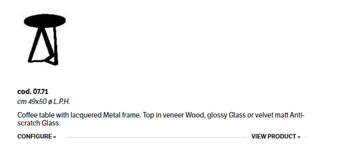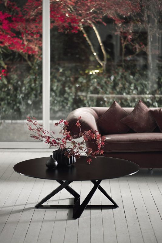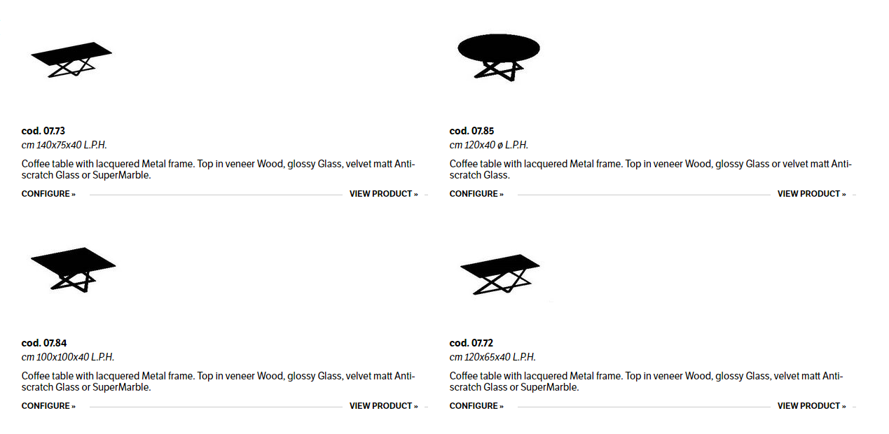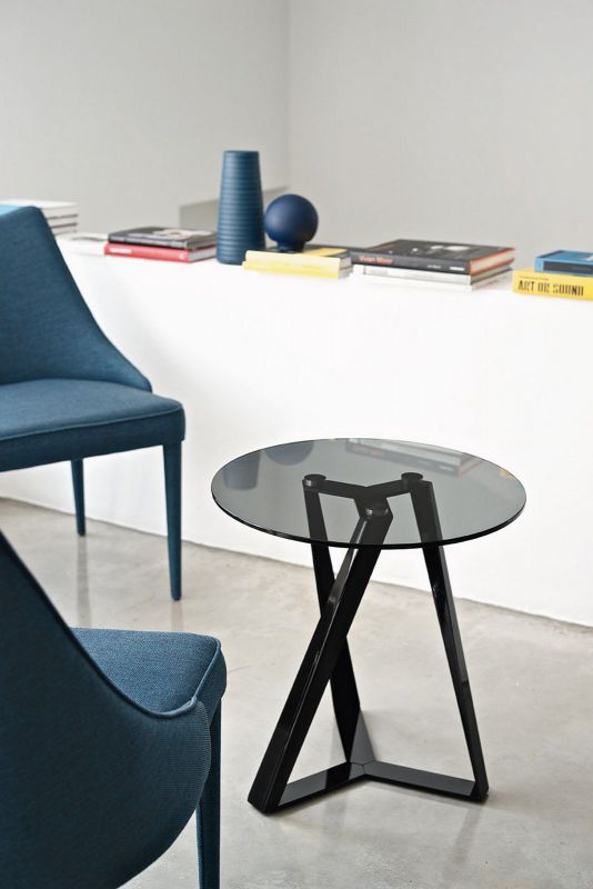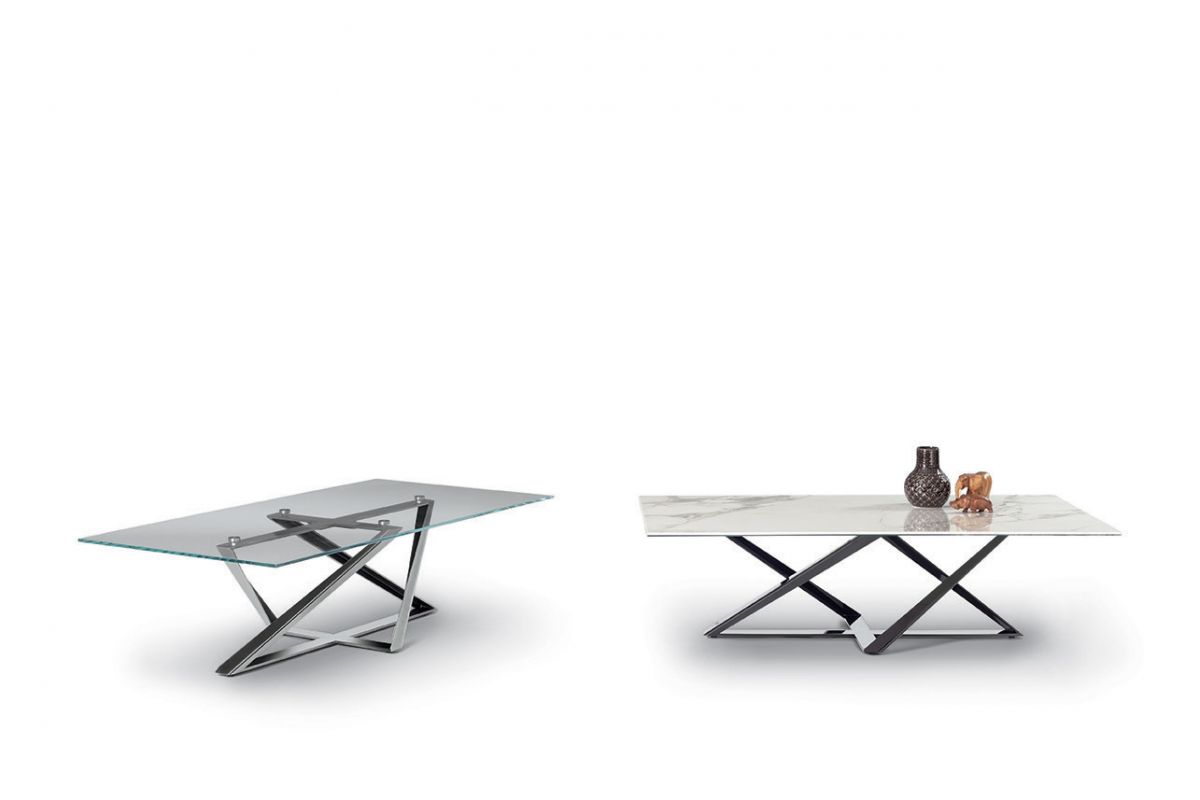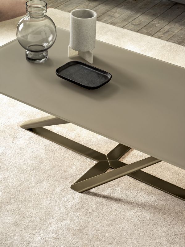 Coffee table with lacquered Metal frame. Top in veneer Wood, glossy Glass, velvet matt Anti-scratch Glass or SuperMarble.
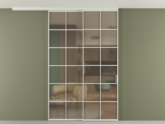 Дополнительно на раздвижную двустворчатую перегородку вдоль стены и четырёхстворчатую перегородку внутри проёма с двумя неподвижным полотнами можно установить механизм синхронного открывания — при открывании одной створки, вторая открывается автоматически.
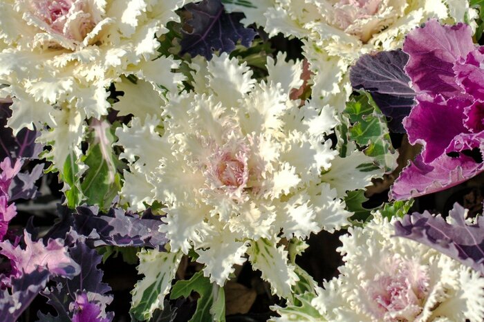 オススメは切葉系のハボタン。白色の切葉系ハボタンは雪の結晶を感じさせ、冬の寄せ植えにぴったりです。
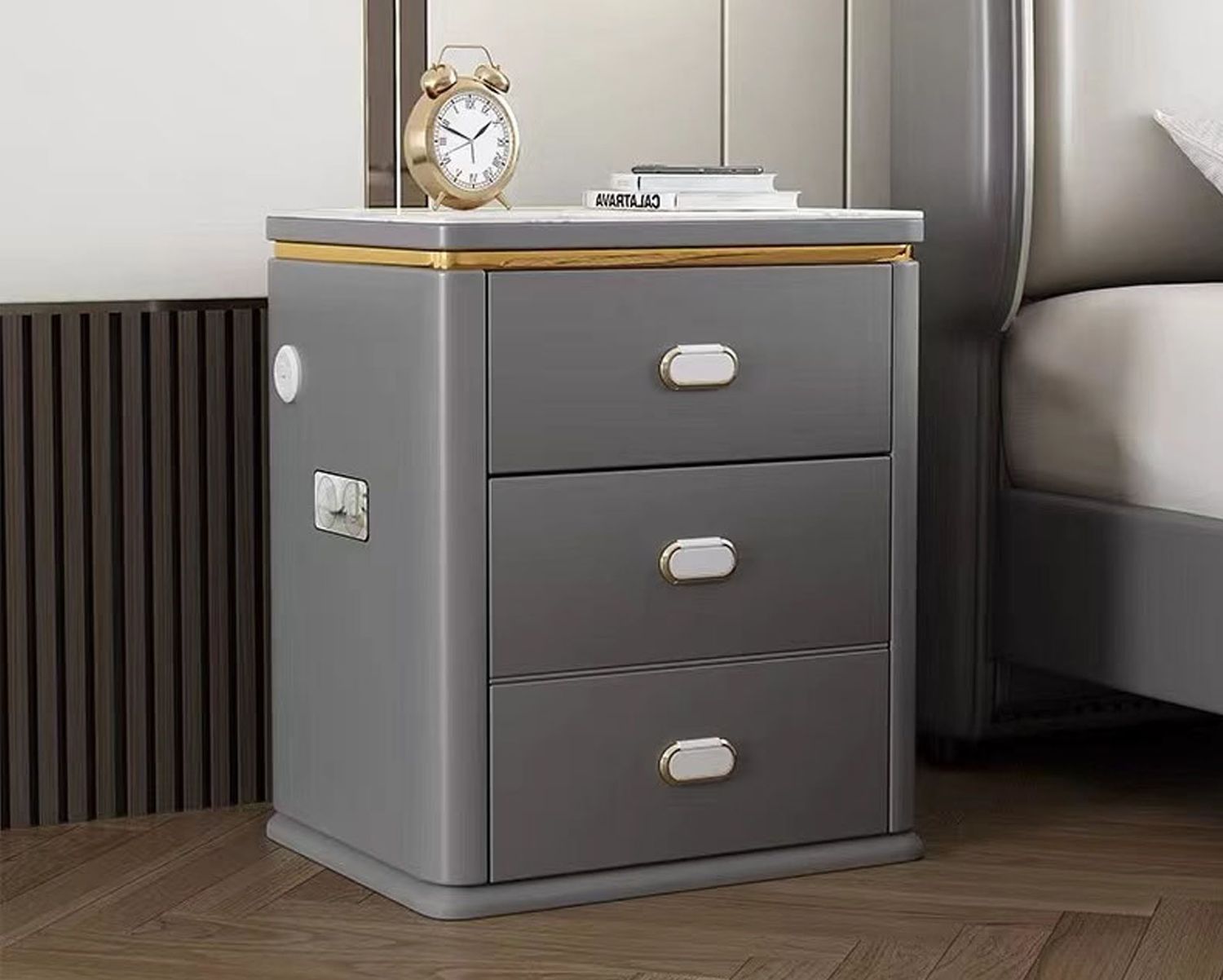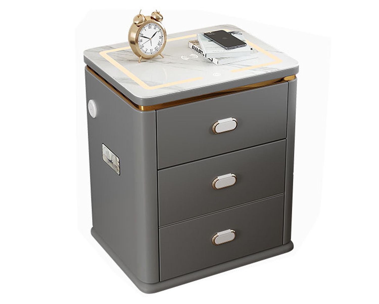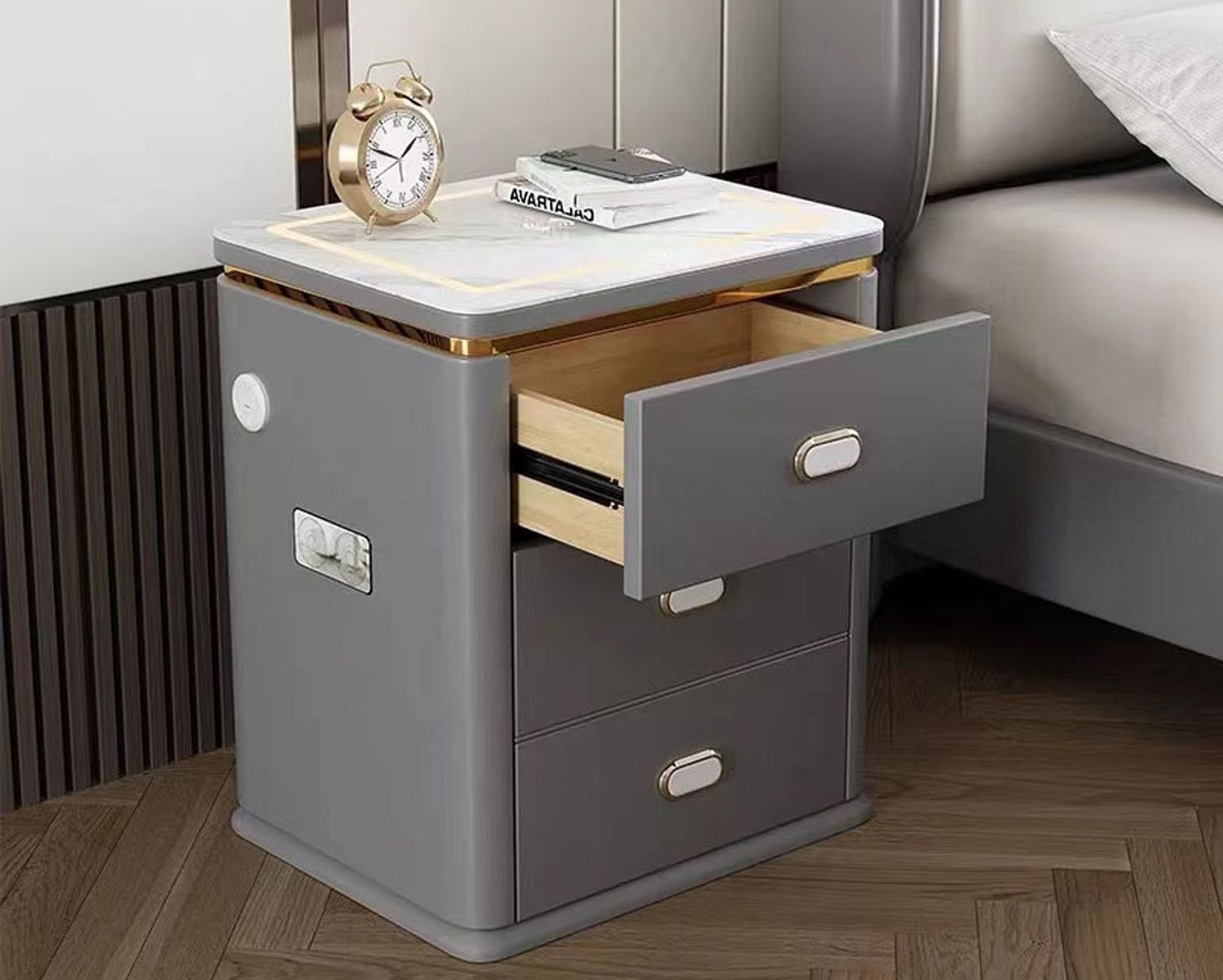 Holly w/ Security Lock & Built-in Safe Box, Wireless Fast Charge, LED Light, USB Port, Bluetooth Audio Bedside Drawer
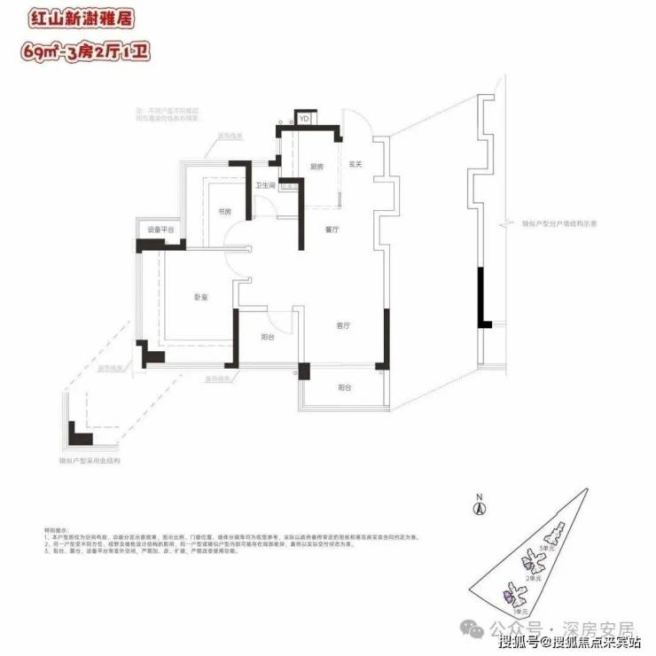龙华红山,联发新澍雅居预计2026年一季度取证入市,户型相当炸裂,面积有69平的2+1房1卫,79-82平的3房2卫,99平的4房2卫户型,共332套房源,价格方面可以参考附近前期入市的联发臻著雅居,备案均价7.3万/㎡,当时折后均价约6.4万/平,期房精装交付,目前营销中心暂未开放,户型图供参考
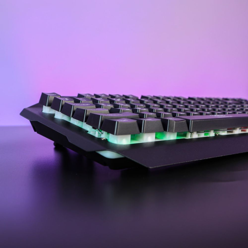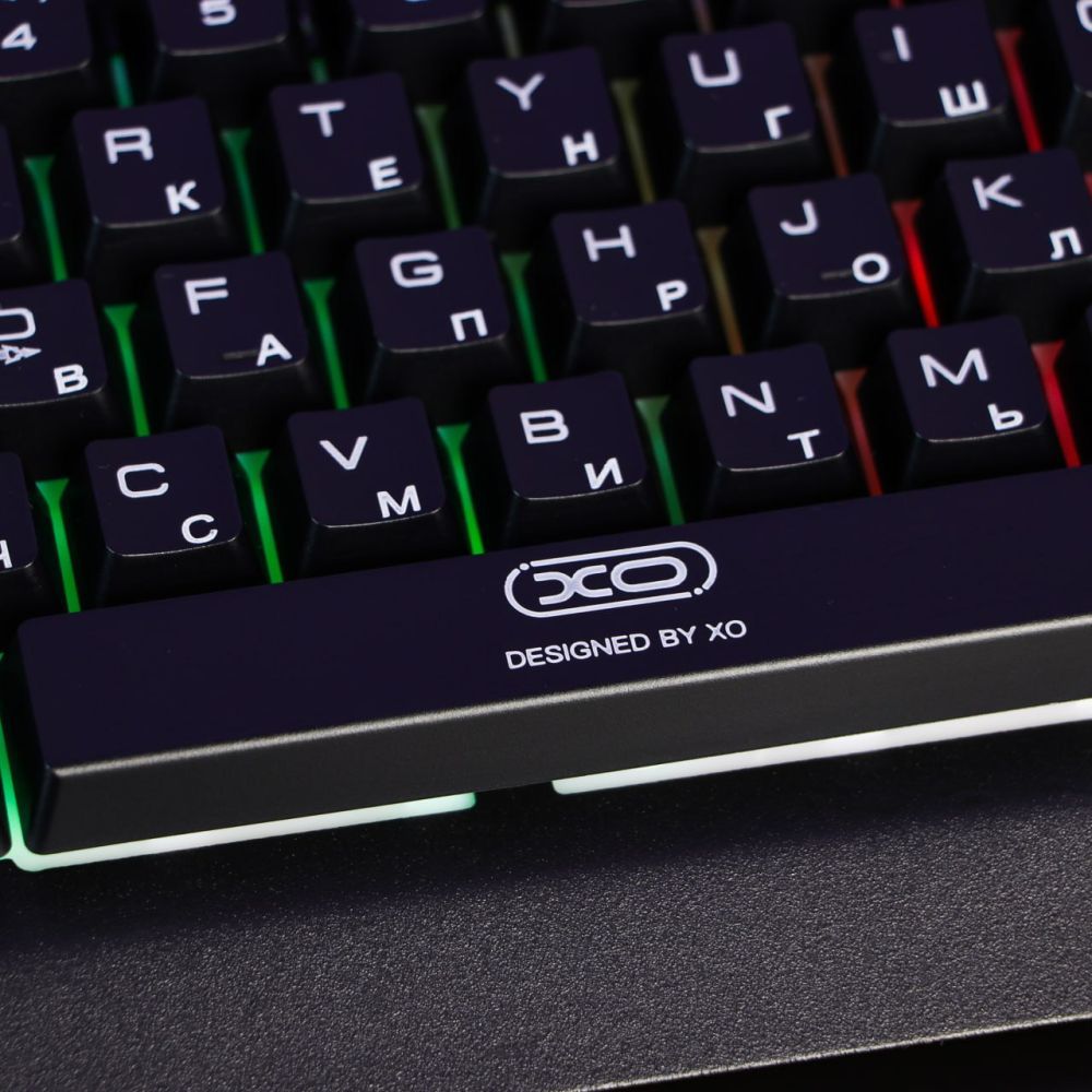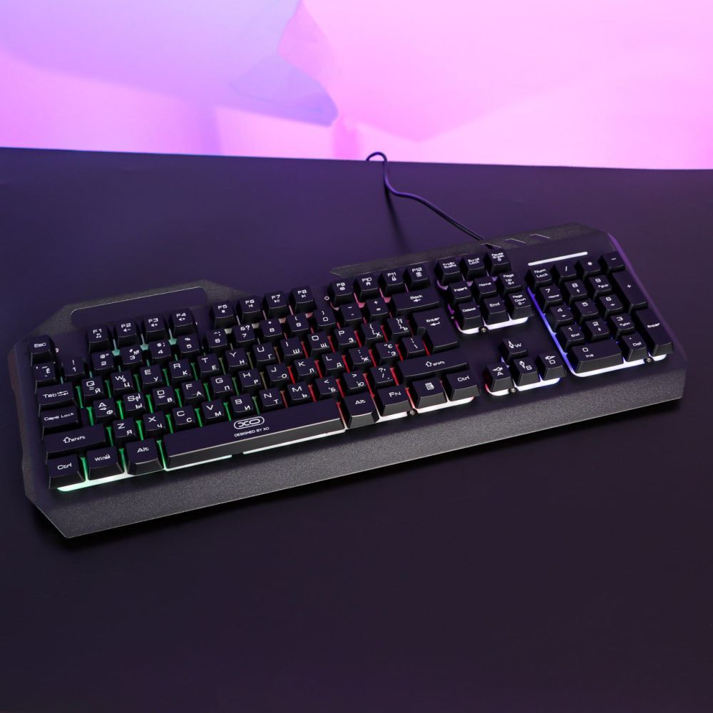 Игровая клавиатура XO KB-01 разработана с учетом потребностей самых требовательных геймеров для обеспечения максимально комфортного и эффективного игрового процесса. Модель реализована в стильном, практичном дизайне и привлекает внимание оригинально выполненной, настраиваемой RGB подсветкой, которая создает завораживающий, приятный для глаз световой эффект. Корпус аксессуара надежно собран и изготовлен из прочной комбинации ABS пластика и металла. В верхней части передней панели клавиатуры имеется прямоугольный вырез со скругленными углами, играющий роль удобной подставки для смартфона, а на нижней панели имеются выдвижные элементы, которые позволят расположить ее под углом на горизонтальной поверхности. 104 клавиши устройства отличаются легким, плавным ходом и увеличенным ресурсом нажатий, а их съемные кейкапы приподняты над верхней панелью и выполнены методом литья под давлением с четкими символами и надписями. Модель оснащена кабелем длиной 1.5 метра для подключения к компьютеру через стандартный USB интерфейс.
- - - -
§ **Work instruction**: Nothing but the lines from the first line of the records above to the line with "龙华红山,联发新澍雅居预计2", inclusive, should be transcribed exactly, and the pictures must be left out.

§ **Solution to the exercise**:
 Coffee table with lacquered Metal frame. Top in veneer Wood, glossy Glass, velvet matt Anti-scratch Glass or SuperMarble.
 Дополнительно на раздвижную двустворчатую перегородку вдоль стены и четырёхстворчатую перегородку внутри проёма с двумя неподвижным полотнами можно установить механизм синхронного открывания — при открывании одной створки, вторая открывается автоматически.
 オススメは切葉系のハボタン。白色の切葉系ハボタンは雪の結晶を感じさせ、冬の寄せ植えにぴったりです。
 Holly w/ Security Lock & Built-in Safe Box, Wireless Fast Charge, LED Light, USB Port, Bluetooth Audio Bedside Drawer
龙华红山,联发新澍雅居预计2026年一季度取证入市,户型相当炸裂,面积有69平的2+1房1卫,79-82平的3房2卫,99平的4房2卫户型,共332套房源,价格方面可以参考附近前期入市的联发臻著雅居,备案均价7.3万/㎡,当时折后均价约6.4万/平,期房精装交付,目前营销中心暂未开放,户型图供参考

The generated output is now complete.